Exercise goal — Could you repeat every record below exactly, leaving out the pictures?

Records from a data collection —
- - - - - - -

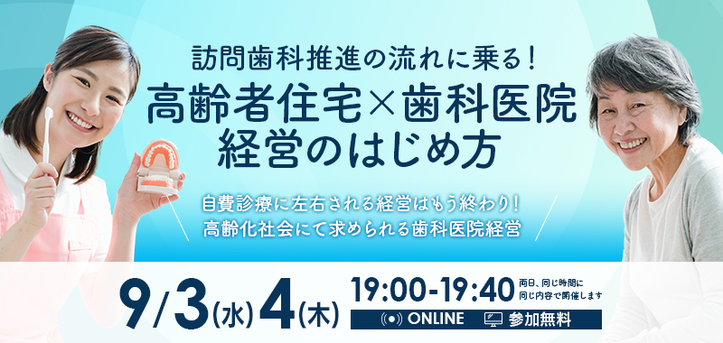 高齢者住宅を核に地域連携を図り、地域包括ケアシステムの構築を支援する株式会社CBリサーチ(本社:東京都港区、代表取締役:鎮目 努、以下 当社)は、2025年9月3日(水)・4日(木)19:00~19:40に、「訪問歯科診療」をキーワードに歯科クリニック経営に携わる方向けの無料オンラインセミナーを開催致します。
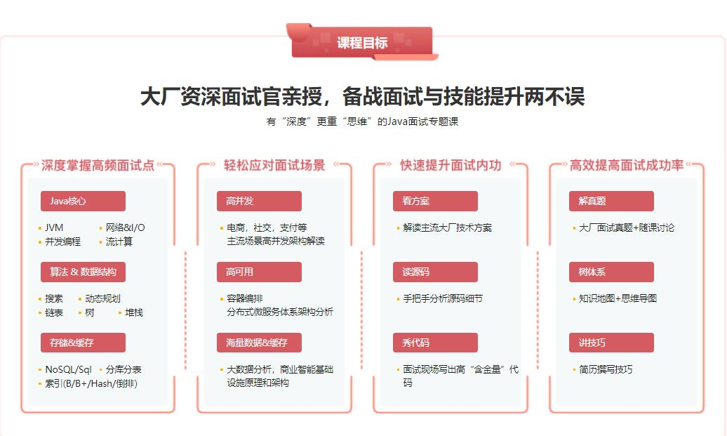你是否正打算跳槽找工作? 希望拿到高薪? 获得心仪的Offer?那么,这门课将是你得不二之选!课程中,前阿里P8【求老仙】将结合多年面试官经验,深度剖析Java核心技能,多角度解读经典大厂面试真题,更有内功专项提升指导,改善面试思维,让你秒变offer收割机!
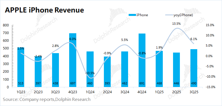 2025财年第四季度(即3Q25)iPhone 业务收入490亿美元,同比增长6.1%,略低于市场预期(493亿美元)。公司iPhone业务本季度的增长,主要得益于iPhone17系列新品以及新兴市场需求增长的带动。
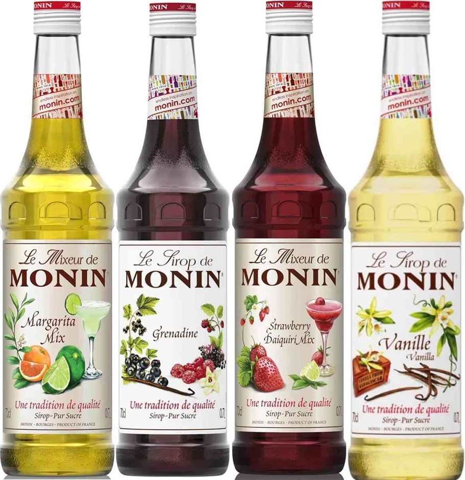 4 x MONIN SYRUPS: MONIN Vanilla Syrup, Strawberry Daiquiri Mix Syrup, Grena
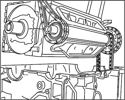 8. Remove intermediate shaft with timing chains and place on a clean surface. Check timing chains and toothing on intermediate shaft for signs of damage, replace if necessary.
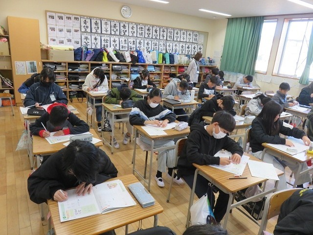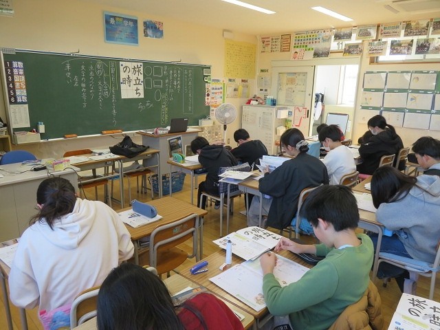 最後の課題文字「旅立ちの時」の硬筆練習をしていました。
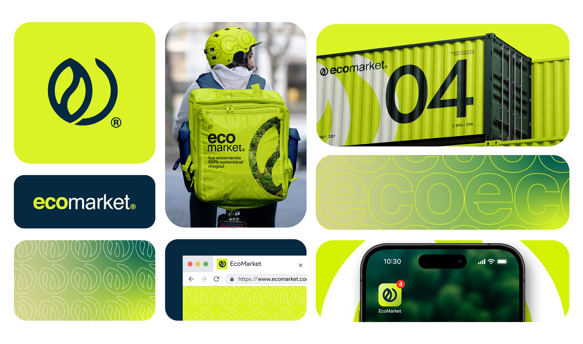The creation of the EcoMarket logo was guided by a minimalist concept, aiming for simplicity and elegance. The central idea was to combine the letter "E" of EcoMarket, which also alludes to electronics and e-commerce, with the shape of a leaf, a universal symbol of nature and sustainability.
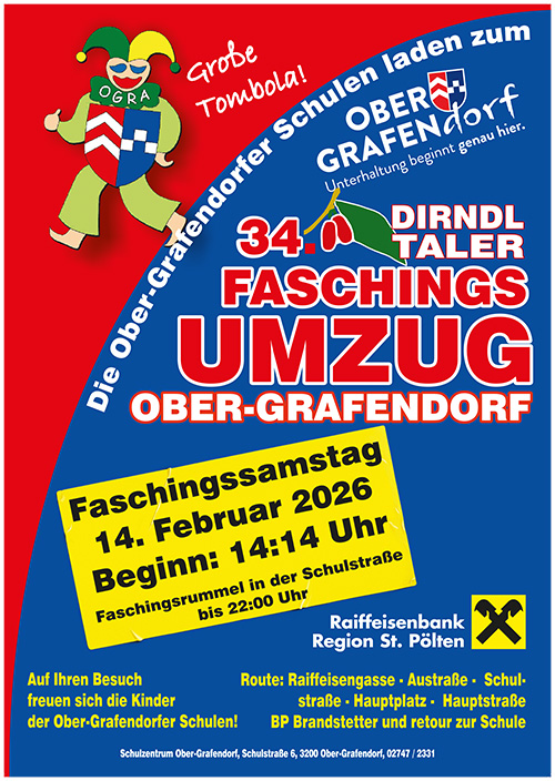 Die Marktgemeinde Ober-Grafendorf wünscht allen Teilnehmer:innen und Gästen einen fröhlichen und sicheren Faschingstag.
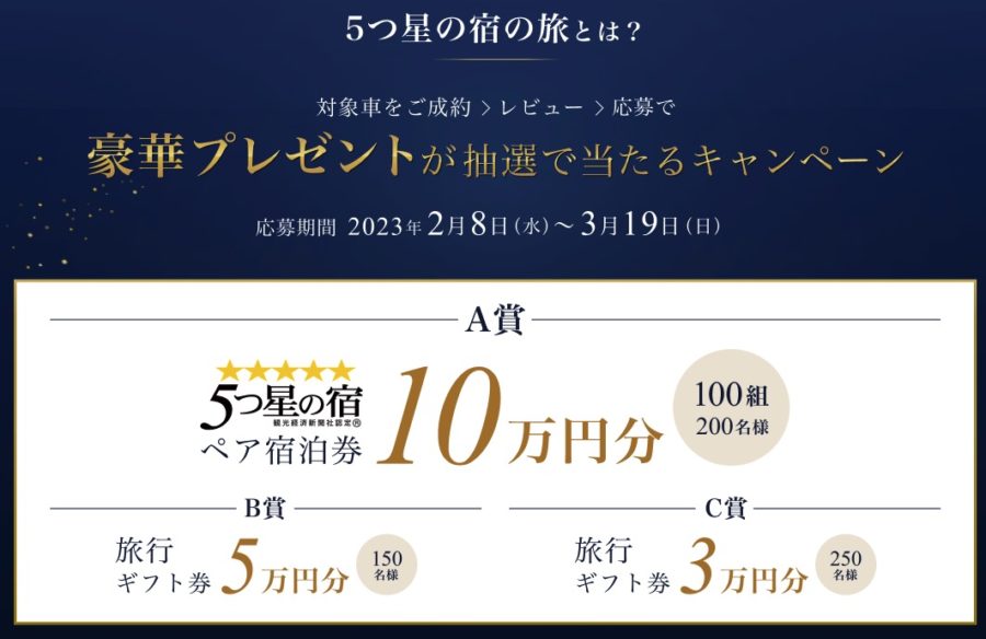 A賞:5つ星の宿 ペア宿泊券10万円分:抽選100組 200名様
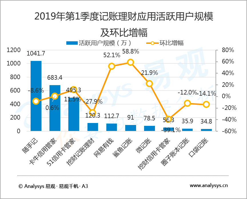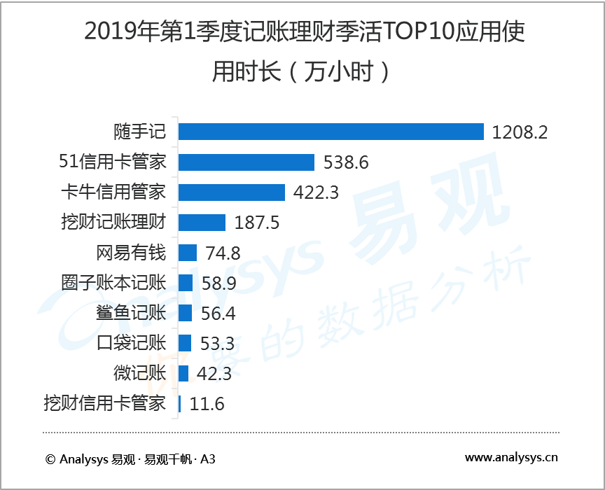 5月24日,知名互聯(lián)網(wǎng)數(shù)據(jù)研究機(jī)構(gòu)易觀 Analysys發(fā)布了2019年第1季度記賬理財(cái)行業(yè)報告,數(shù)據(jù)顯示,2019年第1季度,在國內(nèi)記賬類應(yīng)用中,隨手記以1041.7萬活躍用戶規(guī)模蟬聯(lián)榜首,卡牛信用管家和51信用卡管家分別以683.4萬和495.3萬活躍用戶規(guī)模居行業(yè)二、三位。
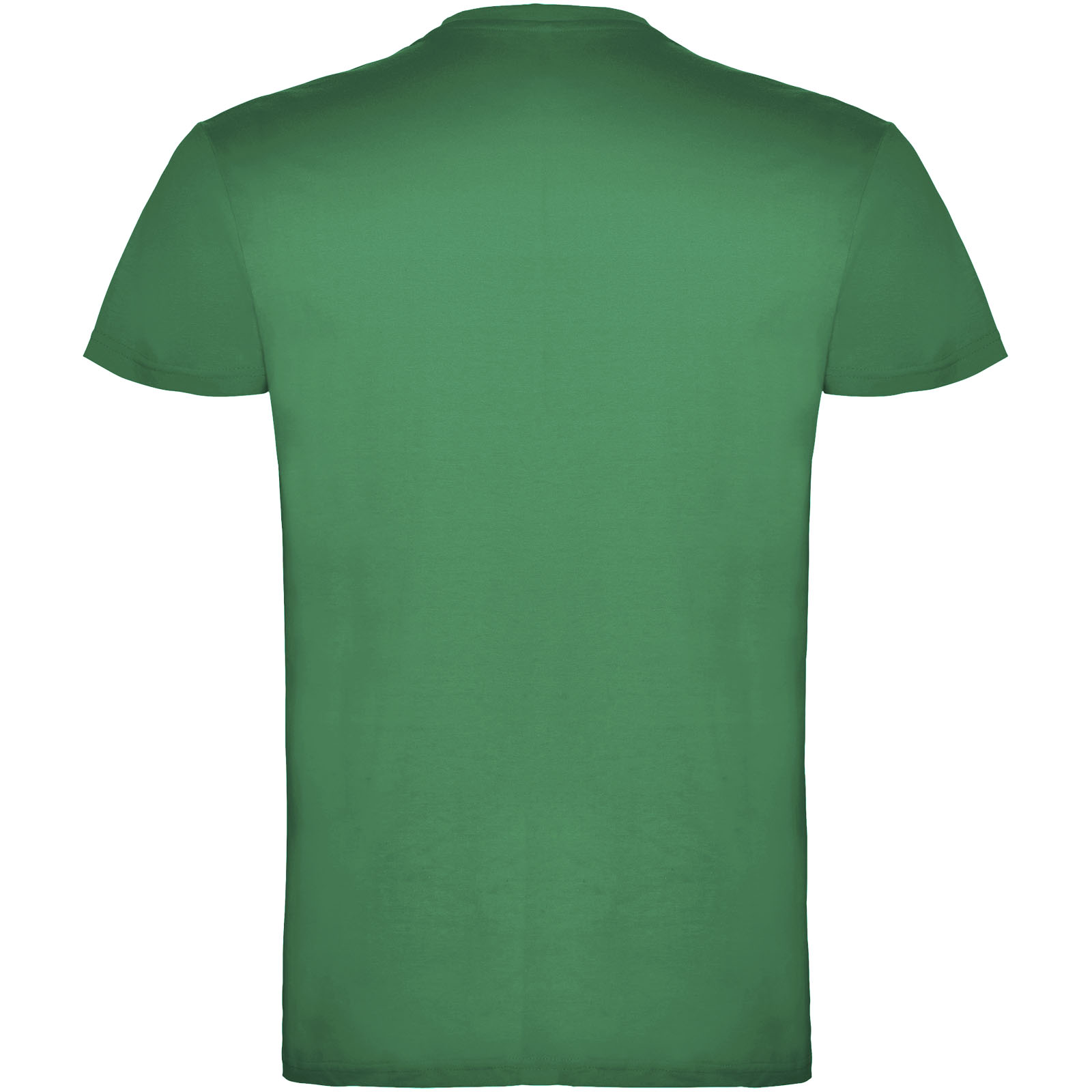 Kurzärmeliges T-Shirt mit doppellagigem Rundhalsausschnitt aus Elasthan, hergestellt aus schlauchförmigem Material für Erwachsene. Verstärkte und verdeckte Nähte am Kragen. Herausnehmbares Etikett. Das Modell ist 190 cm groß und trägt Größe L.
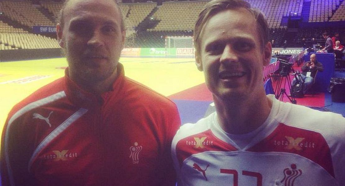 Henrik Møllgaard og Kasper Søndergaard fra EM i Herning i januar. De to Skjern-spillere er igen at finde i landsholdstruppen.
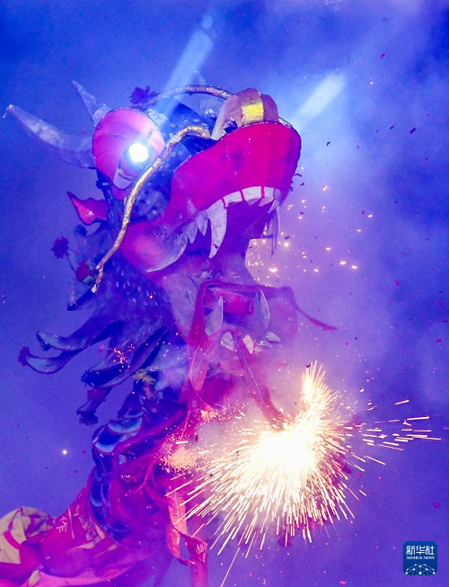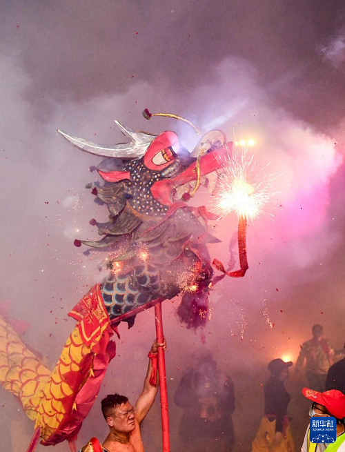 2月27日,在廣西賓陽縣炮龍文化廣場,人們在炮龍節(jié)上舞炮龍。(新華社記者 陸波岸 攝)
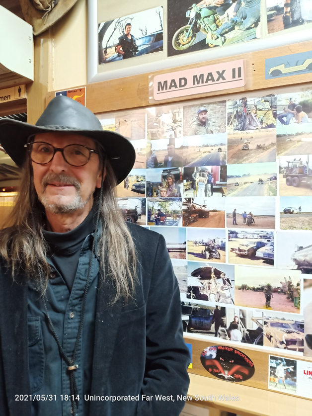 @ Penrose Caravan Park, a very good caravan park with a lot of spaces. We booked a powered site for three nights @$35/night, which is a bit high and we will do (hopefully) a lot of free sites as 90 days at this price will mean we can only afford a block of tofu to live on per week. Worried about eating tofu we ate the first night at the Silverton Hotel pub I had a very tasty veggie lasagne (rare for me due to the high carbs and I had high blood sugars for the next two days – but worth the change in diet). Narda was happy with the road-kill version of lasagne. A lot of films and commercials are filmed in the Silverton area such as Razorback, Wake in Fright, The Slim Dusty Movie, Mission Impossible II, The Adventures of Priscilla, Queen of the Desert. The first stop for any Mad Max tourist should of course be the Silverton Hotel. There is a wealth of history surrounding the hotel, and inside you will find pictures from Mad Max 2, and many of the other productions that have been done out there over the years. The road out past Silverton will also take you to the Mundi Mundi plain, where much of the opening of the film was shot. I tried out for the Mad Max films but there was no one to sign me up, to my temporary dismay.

- - - - - - -

Response to the exercise —
 高齢者住宅を核に地域連携を図り、地域包括ケアシステムの構築を支援する株式会社CBリサーチ(本社:東京都港区、代表取締役:鎮目 努、以下 当社)は、2025年9月3日(水)・4日(木)19:00~19:40に、「訪問歯科診療」をキーワードに歯科クリニック経営に携わる方向けの無料オンラインセミナーを開催致します。
你是否正打算跳槽找工作? 希望拿到高薪? 获得心仪的Offer?那么,这门课将是你得不二之选!课程中,前阿里P8【求老仙】将结合多年面试官经验,深度剖析Java核心技能,多角度解读经典大厂面试真题,更有内功专项提升指导,改善面试思维,让你秒变offer收割机!
 2025财年第四季度(即3Q25)iPhone 业务收入490亿美元,同比增长6.1%,略低于市场预期(493亿美元)。公司iPhone业务本季度的增长,主要得益于iPhone17系列新品以及新兴市场需求增长的带动。
 4 x MONIN SYRUPS: MONIN Vanilla Syrup, Strawberry Daiquiri Mix Syrup, Grena
 8. Remove intermediate shaft with timing chains and place on a clean surface. Check timing chains and toothing on intermediate shaft for signs of damage, replace if necessary.
 最後の課題文字「旅立ちの時」の硬筆練習をしていました。
The creation of the EcoMarket logo was guided by a minimalist concept, aiming for simplicity and elegance. The central idea was to combine the letter "E" of EcoMarket, which also alludes to electronics and e-commerce, with the shape of a leaf, a universal symbol of nature and sustainability.
 Die Marktgemeinde Ober-Grafendorf wünscht allen Teilnehmer:innen und Gästen einen fröhlichen und sicheren Faschingstag.
 A賞:5つ星の宿 ペア宿泊券10万円分:抽選100組 200名様
 5月24日,知名互聯(lián)網(wǎng)數(shù)據(jù)研究機(jī)構(gòu)易觀 Analysys發(fā)布了2019年第1季度記賬理財(cái)行業(yè)報告,數(shù)據(jù)顯示,2019年第1季度,在國內(nèi)記賬類應(yīng)用中,隨手記以1041.7萬活躍用戶規(guī)模蟬聯(lián)榜首,卡牛信用管家和51信用卡管家分別以683.4萬和495.3萬活躍用戶規(guī)模居行業(yè)二、三位。
 Kurzärmeliges T-Shirt mit doppellagigem Rundhalsausschnitt aus Elasthan, hergestellt aus schlauchförmigem Material für Erwachsene. Verstärkte und verdeckte Nähte am Kragen. Herausnehmbares Etikett. Das Modell ist 190 cm groß und trägt Größe L.
 Henrik Møllgaard og Kasper Søndergaard fra EM i Herning i januar. De to Skjern-spillere er igen at finde i landsholdstruppen.
 2月27日,在廣西賓陽縣炮龍文化廣場,人們在炮龍節(jié)上舞炮龍。(新華社記者 陸波岸 攝)
 @ Penrose Caravan Park, a very good caravan park with a lot of spaces. We booked a powered site for three nights @$35/night, which is a bit high and we will do (hopefully) a lot of free sites as 90 days at this price will mean we can only afford a block of tofu to live on per week. Worried about eating tofu we ate the first night at the Silverton Hotel pub I had a very tasty veggie lasagne (rare for me due to the high carbs and I had high blood sugars for the next two days – but worth the change in diet). Narda was happy with the road-kill version of lasagne. A lot of films and commercials are filmed in the Silverton area such as Razorback, Wake in Fright, The Slim Dusty Movie, Mission Impossible II, The Adventures of Priscilla, Queen of the Desert. The first stop for any Mad Max tourist should of course be the Silverton Hotel. There is a wealth of history surrounding the hotel, and inside you will find pictures from Mad Max 2, and many of the other productions that have been done out there over the years. The road out past Silverton will also take you to the Mundi Mundi plain, where much of the opening of the film was shot. I tried out for the Mad Max films but there was no one to sign me up, to my temporary dismay.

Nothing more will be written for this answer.